[Recorded data]
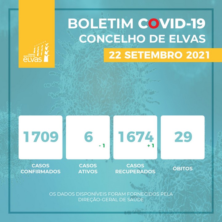 Elvas contabiliza 29 mortes, 1.709 casos de infecção e 1.674 recuperações associadas à covid-19 desde o início da pandemia.
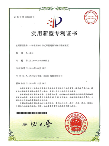 實用新型專利證書-一種車用LNG臥式焊接絕熱氣瓶自增壓裝置
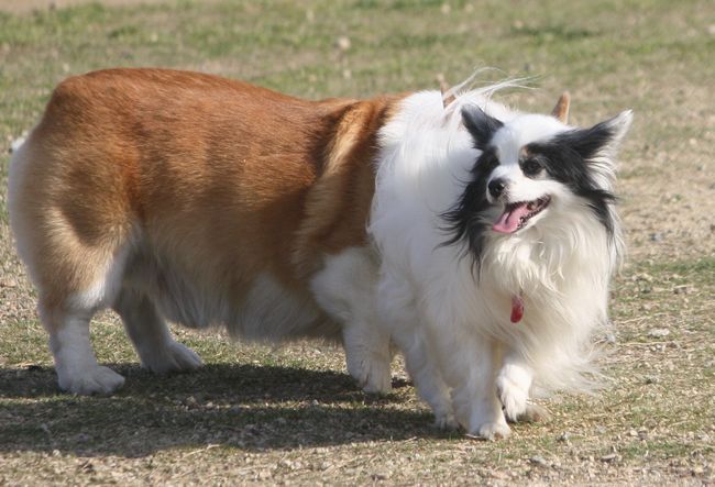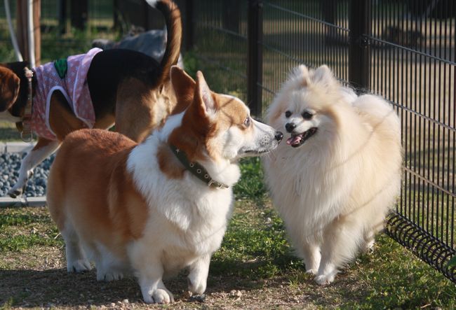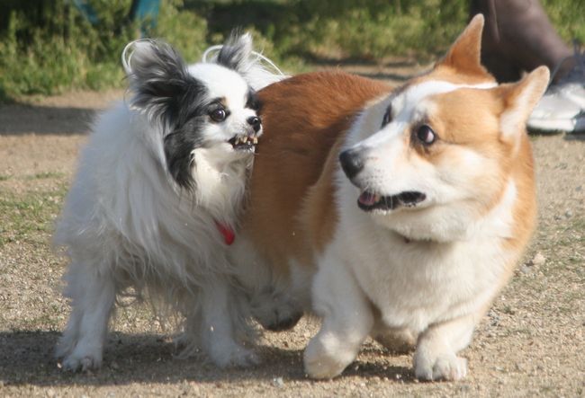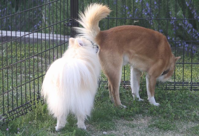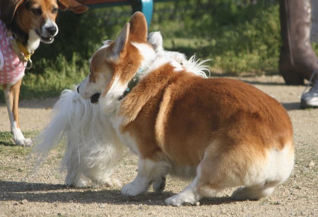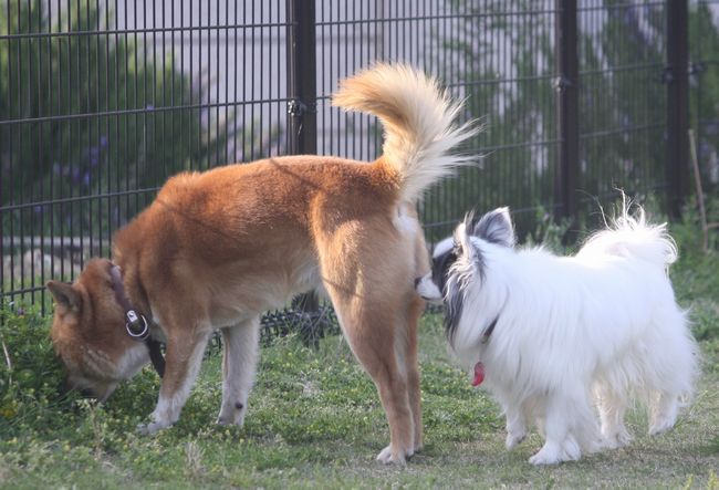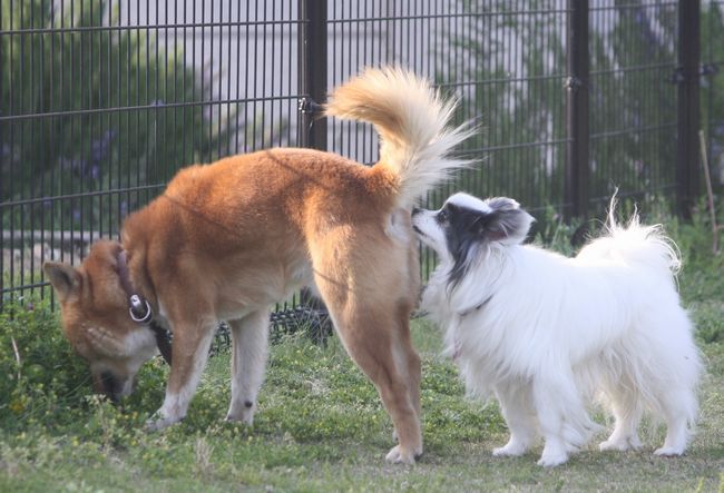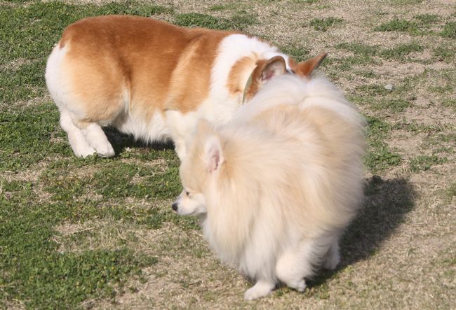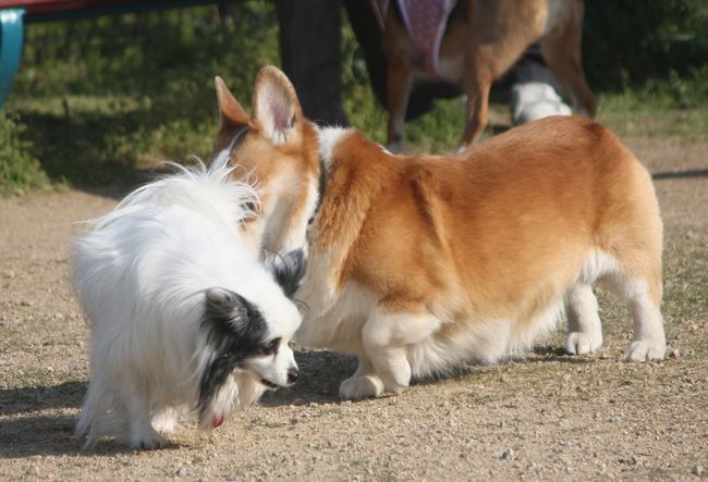 パピはコーギー君に匂いを嗅がれていましたが、案の定…
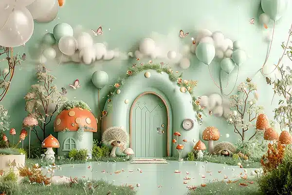 خلفية تصوير بيت الفطر – Mushroom House Photography Backdrop
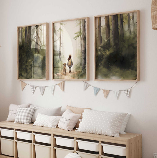 Girl and Dog Triptych Wall Art – Adventure Girls Room Decor • Set of 3
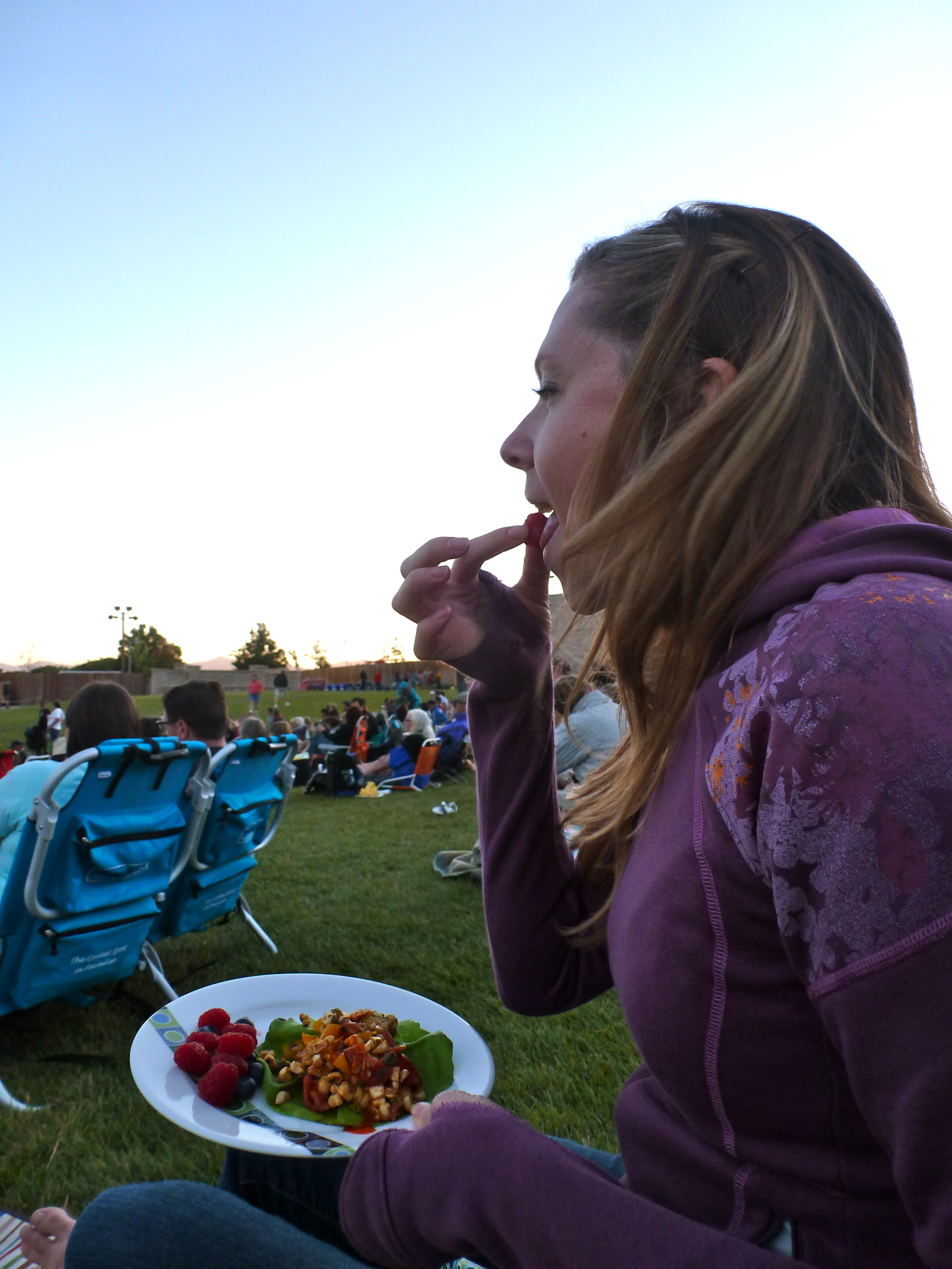 A berry good bite at an outdoor movie.
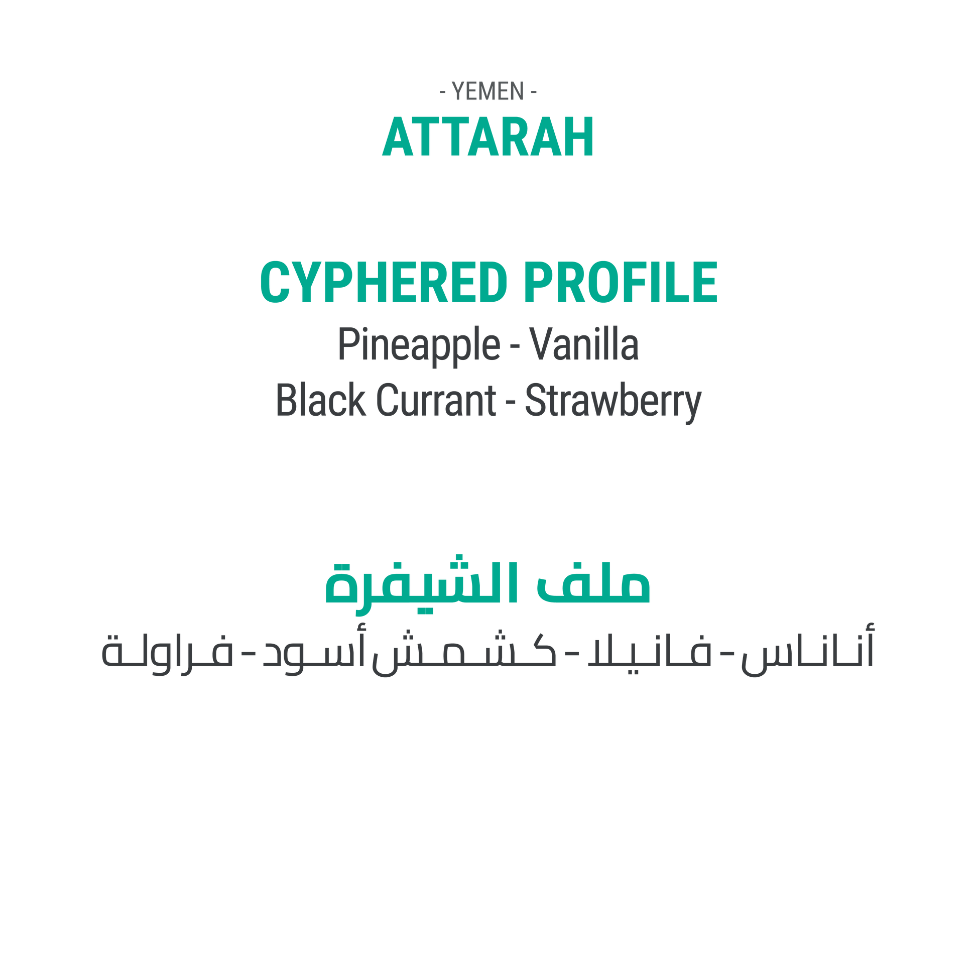 قهوة يمنية استثنائية تنفجر بنكهات الفواكه الاستوائية والتوت النابضة بالحياة. تتكشف طبقات الأناناس والفانيليا والكشمش الأسود والفراولة مع كل رشفة، لتكشف عن فنجان غني بطابع فاكهي مكثّف ولمسة ناعمة وعصيرية. قهوة راقية ومفعمة بالحيوية، تجسّد روعة وعمق تربة اليمن الفريدة

PROBLEM TO SOLVE: Repeat the records exactly but leave out the images.

RESULT OF THIS EXERCISE:
 Elvas contabiliza 29 mortes, 1.709 casos de infecção e 1.674 recuperações associadas à covid-19 desde o início da pandemia.
 實用新型專利證書-一種車用LNG臥式焊接絕熱氣瓶自增壓裝置
 パピはコーギー君に匂いを嗅がれていましたが、案の定…
 خلفية تصوير بيت الفطر – Mushroom House Photography Backdrop
 Girl and Dog Triptych Wall Art – Adventure Girls Room Decor • Set of 3
 A berry good bite at an outdoor movie.
 قهوة يمنية استثنائية تنفجر بنكهات الفواكه الاستوائية والتوت النابضة بالحياة. تتكشف طبقات الأناناس والفانيليا والكشمش الأسود والفراولة مع كل رشفة، لتكشف عن فنجان غني بطابع فاكهي مكثّف ولمسة ناعمة وعصيرية. قهوة راقية ومفعمة بالحيوية، تجسّد روعة وعمق تربة اليمن الفريدة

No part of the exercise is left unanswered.